What you have to do →
Pictures are not part of the copy. Set down exactly the lines from the one containing "Identifying a Fruit" through the last line of the material below.

Data →
- - -

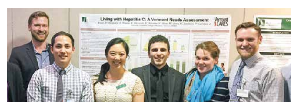
Members of the medical student public health project who worked with Vermont CARES to gain funding for a Hepatitis C case management project.
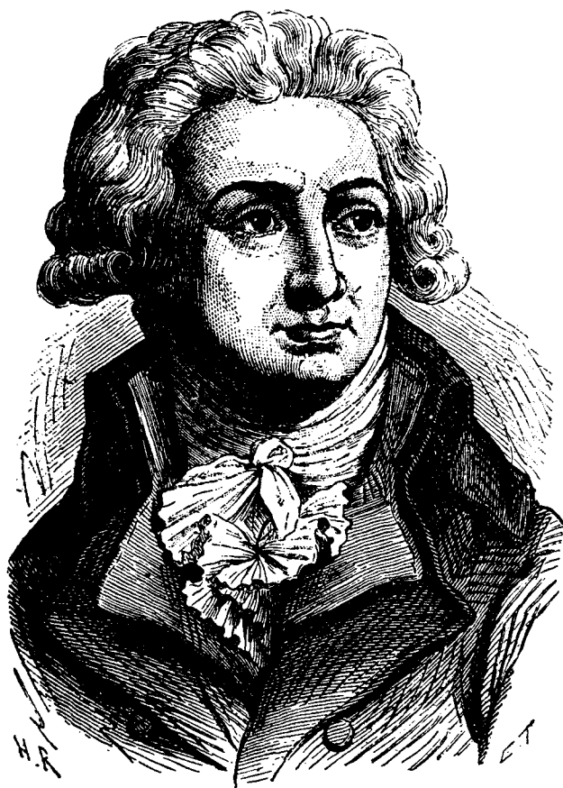
HÉRAULT DE SÉCHELLES
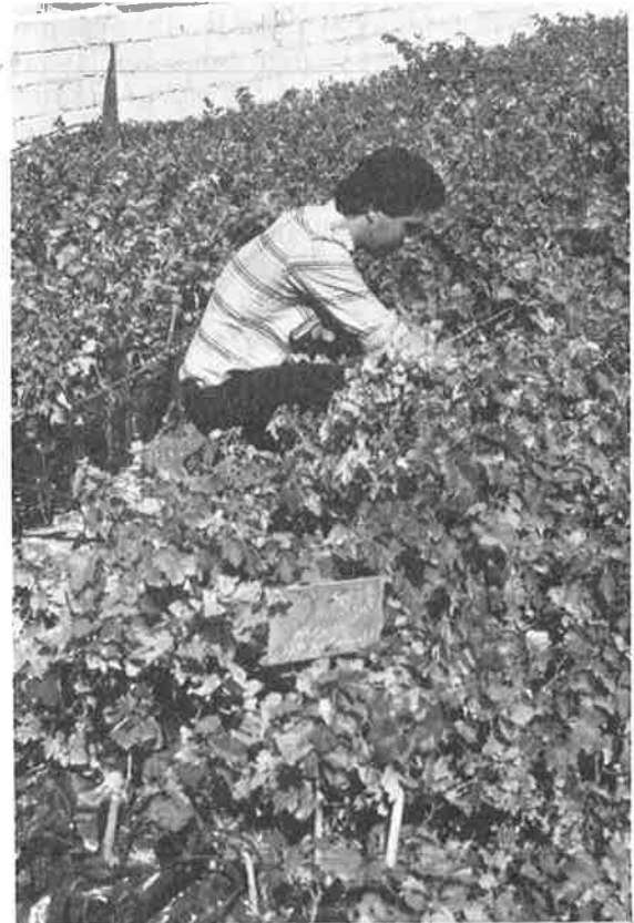
West Bank nurseries experiment with new grape seedlings for farmers considering vine substitution.

With these measures, the grape growers of the Bethlehem and Hebron districts hope to avoid the fate of Ramallah's growers. While averting certain catastrophe, these efforts will also go a long way in addressing the second problem facing growers: deteriorating prices and markets for grapes.
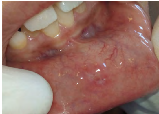
FIGURE 5: After 2 weeks of follow-up: fibrin network recovered the site.
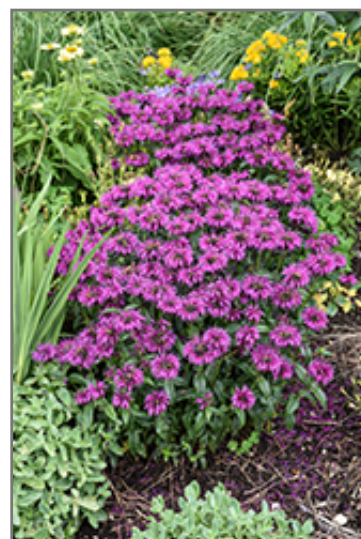
Electric Neon Purple Beebalm in bloom
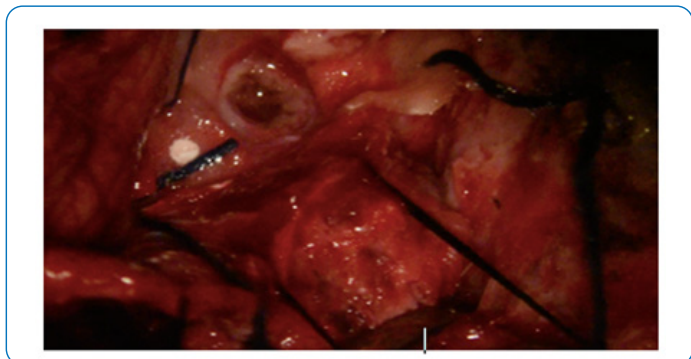
Image 3: Trans-surgical image showing in situ tumor location in foramen magnum, homogeneous in appearance, solid consistency and compression of adjacent structures.

a solid tumor lesion is located with mass effect on the brainstem, debulking is performed, luxation of the lesion is performed, with adequate visualization of cranial nerves XI and XII at the end of the basilar artery with 90% tumor extraction (Image 3).
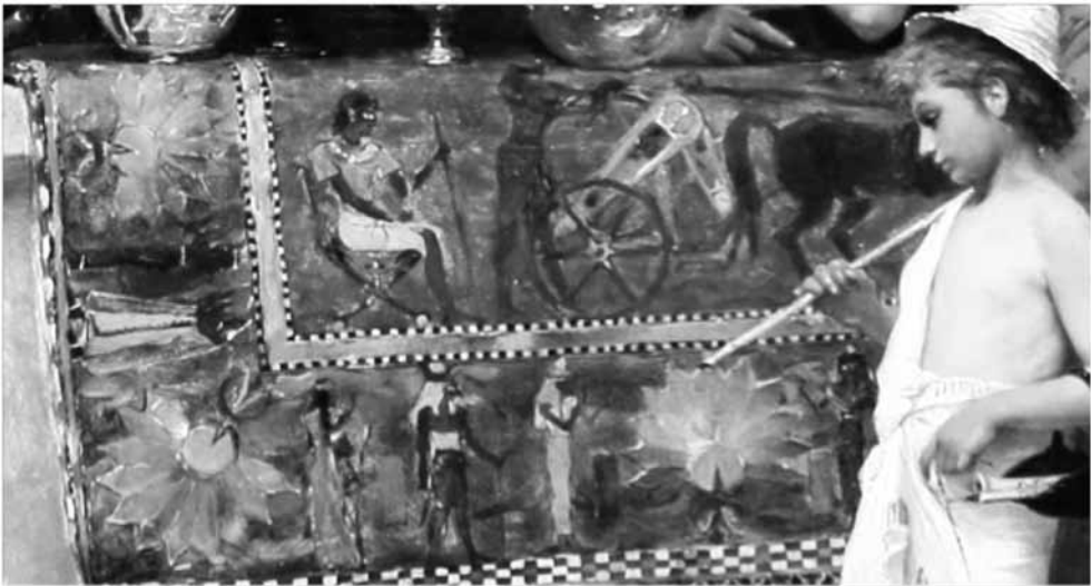
Fig. 18a. Capobianchi (detail)

We stay at the British Museum with the Egyptian carpet put on the counter since the main scene on a red background is made with two detached fragments (inv. BM EA 37979 and BM EA 37982) of the tomb of Nebamun (ca. 1350 BCE) located at Dra Abu el-Naga in the Northern area of the noble tombs of the Theban necropolis and acquired by the British Museum in 1821 (fig. 18a-c). 45
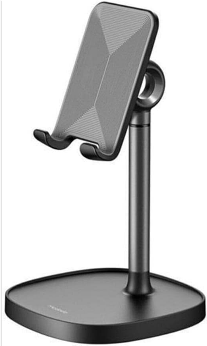
Figure 1: Front view of the Mcdodo TB-7821 Telescopic Desktop Holder.
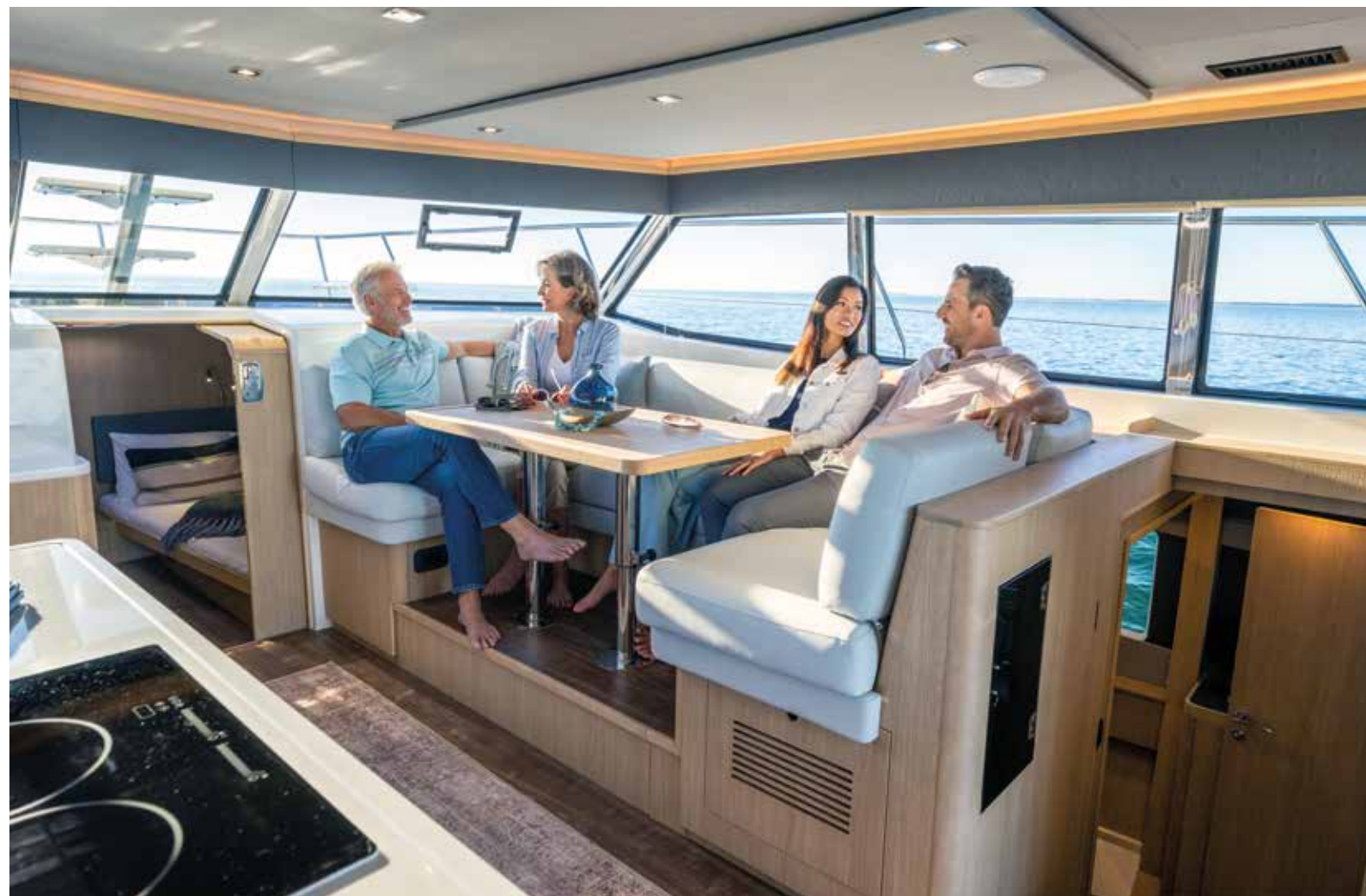
The raised saloon enjoys plenty of natural light from wraparound windows; the unit pictured features the forward utility cabin, pictured on left

opening window and counter, with two bar-style seats. That kind of arrangement connects inside and out on fair-weather days, while when it's raining, everything buttons down nicely.
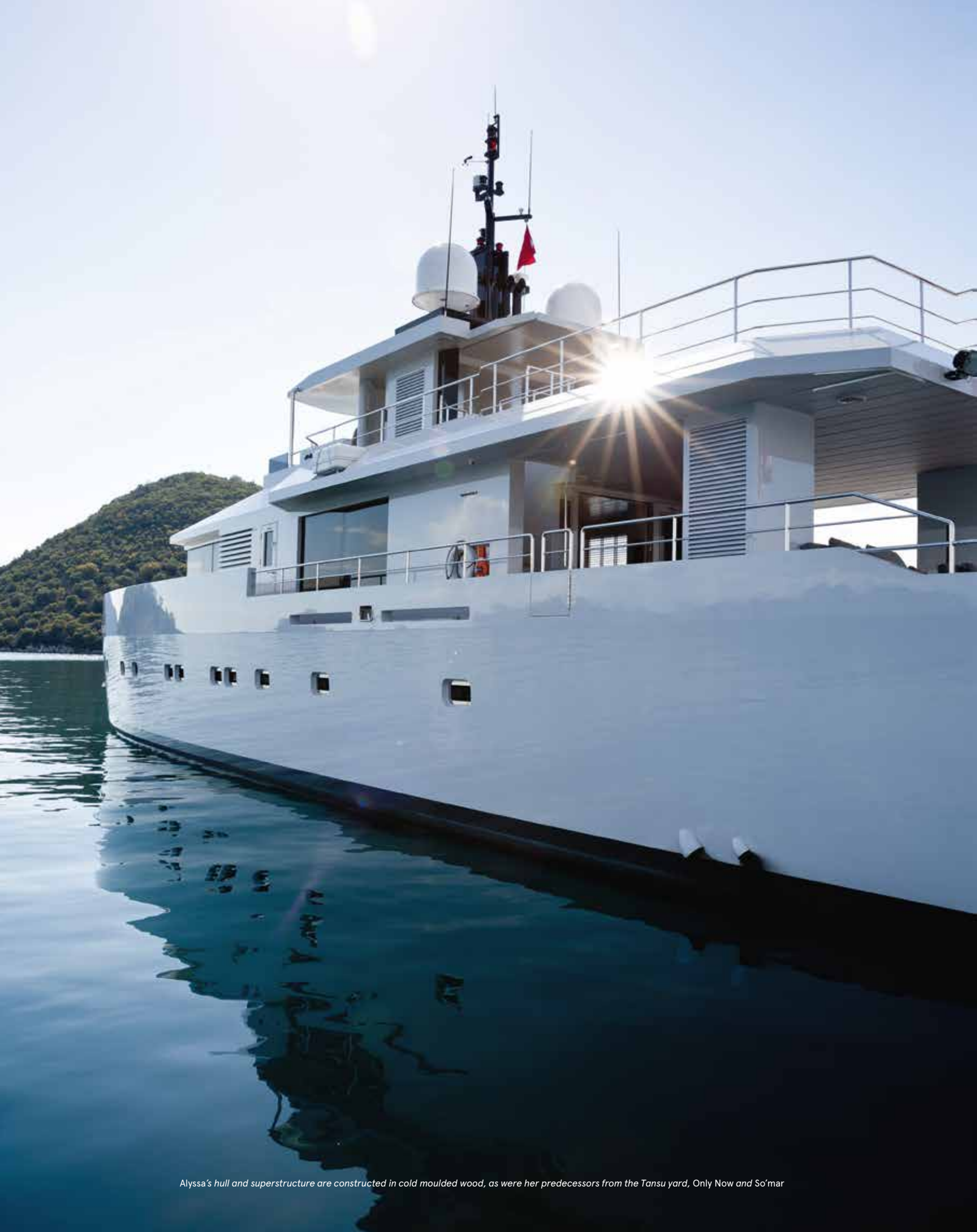
Alyssa's hull and superstructure are constructed in cold moulded wood, as were her predecessors from the Tansu yard, Only Now and So'mar
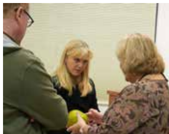
Identifying a Fruit
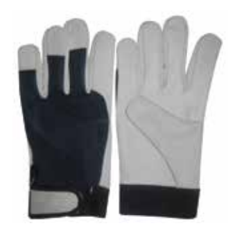
DTC-DL-04 Made Of Goat Leather Palm, Black Polyester Trinda on Back, Elastic Cuff With Velcro Closing. Cloth Also Available In Other Color
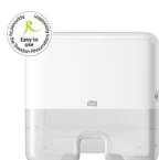
552100 Tork Xpress Multifold Mini
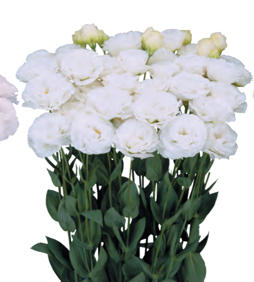
Wedding 2 Kiss (F16-343)

A small white flower that blooms mid-season to mid-late. If you reduce the amount of watering, the flowers will be small size.
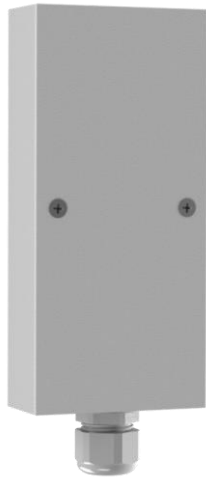
visualization of the closed RT divider
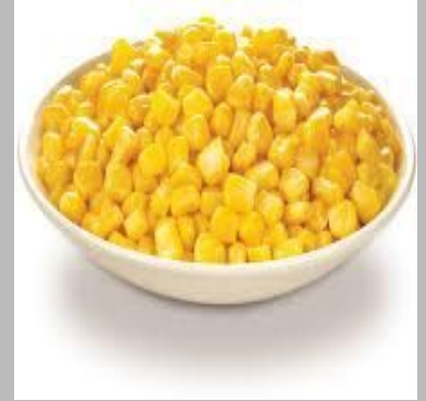
frozen american sweet corn
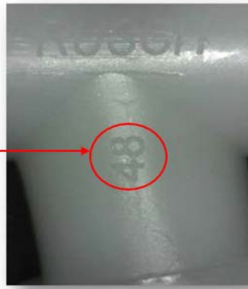
Figure 2 – Identification number (ID)

- - -

Written solution →
Identifying a Fruit
DTC-DL-04 Made Of Goat Leather Palm, Black Polyester Trinda on Back, Elastic Cuff With Velcro Closing. Cloth Also Available In Other Color
552100 Tork Xpress Multifold Mini
Wedding 2 Kiss (F16-343)

A small white flower that blooms mid-season to mid-late. If you reduce the amount of watering, the flowers will be small size.
visualization of the closed RT divider
frozen american sweet corn
Figure 2 – Identification number (ID)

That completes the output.